Séance d’information de M. E. Vénizélos, vice-Premier ministre et ministre des Affaires étrangères tenue par Simonetta Sommaruga, conseillère fédérale, cheffe du Département fédéral de justice et police sur le récent référendum tenu en Suisse

La conseillère fédérale, cheffe du Département fédéral de justice et police, Mme Simonetta Sommaruga, a demandé aujourd’hui à informer, par téléphone, le vice-Premier ministre et ministre des Affaires étrangères, E. Vénizélos, en sa qualité de président du Conseil de l’UE sur les résultats du référendum qui s’est tenu en Suisse dimanche dernier et la modification intervenue au niveau de la Constitution fédérale.

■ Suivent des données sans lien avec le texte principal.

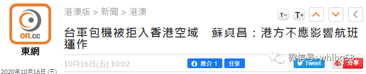 今天(16日)上午10点,香港媒体《东网》报道,一架台当局军方的包机昨天在飞往东沙群岛途中经过香港空域时,遭到香港空管拒绝,只得折返回台。

Mme Sommaruga a informé M. Vénizélos du cadre d’actions du Conseil fédéral de la Suisse, dont l’objectif est de maintenir au meilleur niveau possible les relations du pays avec l’UE et a indiqué que la nouvelle réglementation n’avait aucun rapport avec la convention Schengen. M. Vénizélos a remercié la conseillère fédérale pour son information, tout en l’assurant qu’il transmettrait ses points de vue au Conseil. Il l’a également informée de la teneur des discussions dans le cadre du Conseil « Affaires générales » qui s’est tenu mardi dernier et qui a été axé sur le fait que la notion de marché est basée sur quatre libertés indivisibles, dont la liberté de circulation des personnes et que l’UE ne peut accepter la dissolution des libertés fondamentales sur lesquelles est bâti le marché unique.

Le vice-Premier ministre et ministre des Affaires étrangères a également indiqué que les modifications constitutionnelles internes ne constituent pas un acte crucial du point de vue juridique dans le domaine du droit international public qui régit les relations de la Confédération suisse avec l’UE et qu’en aucun cas l’UE ne peut accepter une différenciation au niveau interne des Etats membres s’agissant des 27 anciens membres ainsi que de la Croatie en tant que nouveau membre pour ce qui est de la libre circulation de leurs citoyens.

Au niveau bilatéral, M. Vénizélos a souligné la récente visite à Athènes de la conseillère fédérale, cheffe du département fédéral de justice de police, et la récente discussion qu’il a eue lui-même avec le Président actuel de la confédération suisse dans le cadre de l’Assemblée générale de l’ONU, en septembre dernier à New York. Il a rappelé que l’invitation à Athènes était toujours valable pour des discussions au niveau bilatéral, une discussion qui très certainement influencera le niveau d’information du Conseil de l’UE sur les évolutions, à la lumière de la déclaration initiale de la Présidence hellénique sur le référendum suisse et de la déclaration qu’il a faite lui-même au nom du Conseil « Affaires générales » lors de la conférence de presse qui a suivi le Conseil, mardi dernier, à Bruxelles.